The future is probably even smarter optimizers that integrate more information about the problem and learn to make good assumptions. This is the goal of Learned Optimizers, like Velo (https://arxiv.org/abs/2211.09760).
You could start reading on CMA-ES; which is something like a particle filter on the model parameters. So for 100 "particles", it means 100 resampled copies of the model, which are then evaluated to create something like a "synthetic" gradient which is used to update a distribution over the model parameters.
But it doesn't solve the problem of local minima, and it will also need to use minibatches.
It takes 3 minutes to train the Shakespeare model with gradient descent. The black-box methods I tested so far likely take 30+ hours to train (I haven't tried to take them to the end yet). I've hit a wall where progress is very slow. The text generated at that stage has punctuation and words are split with spaces but the words themselves are mostly nonsense. Almost feels like it learned that English is letters separated by spaces, and that you put exclamation marks or periods at the end but not that much more.

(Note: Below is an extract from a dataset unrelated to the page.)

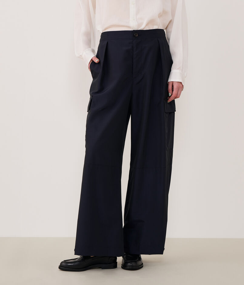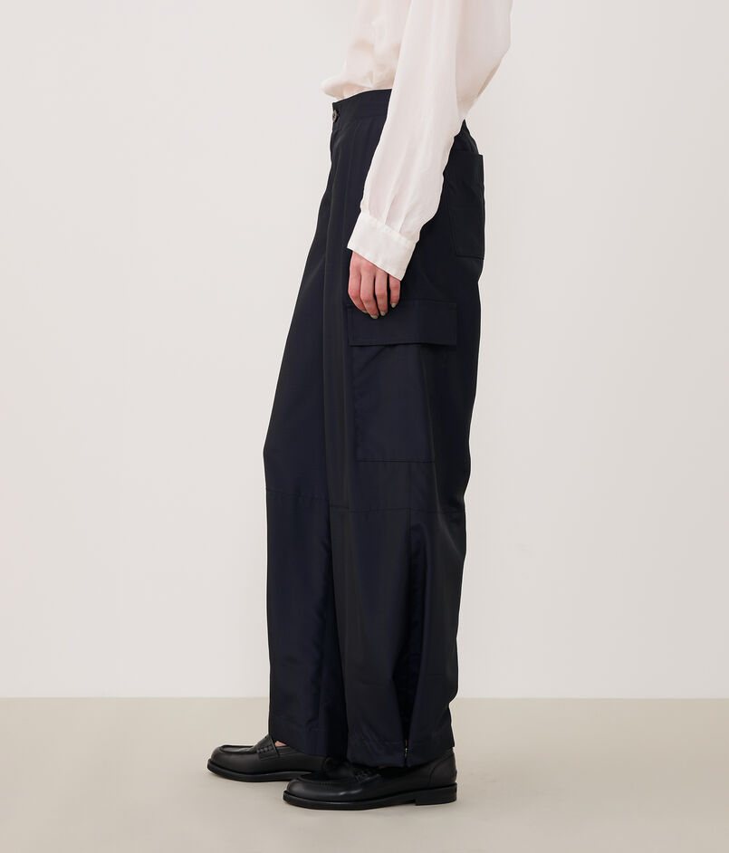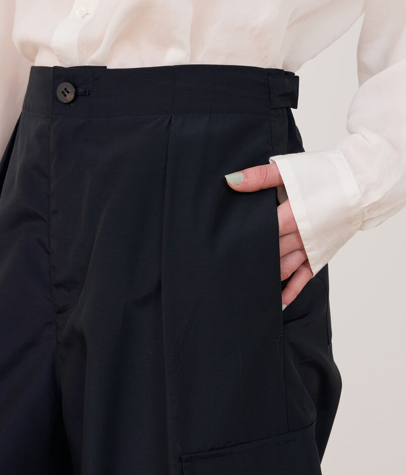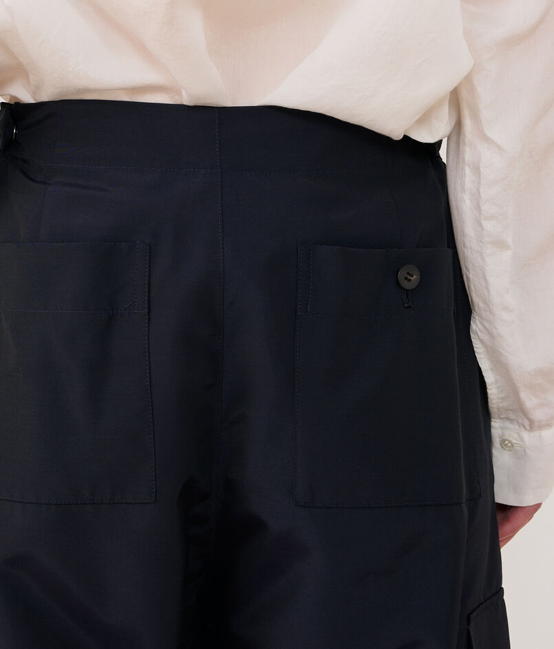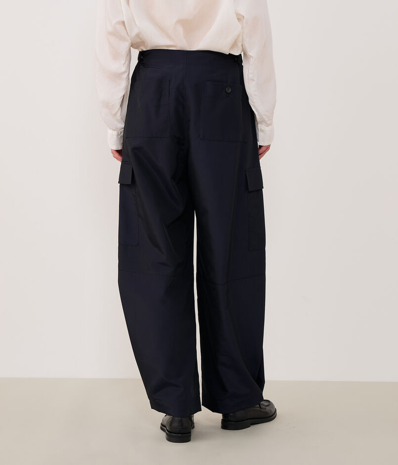 パンツはゆったりとしたシルエットと大きなフラップポケットでメンズアイテムのような印象に。

There's some larger scale CMA-ES variants I still want to test that don't have quality implementations. I've tried to stare at pictures of gradients and weights from half-trained models and trying to come up with ideas how to get there with black-box optimization. Also trying some original ideas where you compute a gradient, but you would not compute it against a loss function. The gradient would be more for discovering hidden structure in weights, that you would then put on some black-box optimizer as a guide (which I guess makes it not entirely black box. Gray box?)
Possible? I mean, I guess technically. Practical? No way, unless some major breakthrough happens.
My current goal is to just produce a model, even if training takes laughably long so I can say I've trained a language model using nothing but getting a fitness score from a black box function.
Edit: if you are reading this and are aware of any other serious attempts at training a non-trivial sized language model without gradient descent I would want to know. So I can try their methods. I know there's some large scale stuff used in reinforcement learning like in one Uber paper but not in LLMs specifically.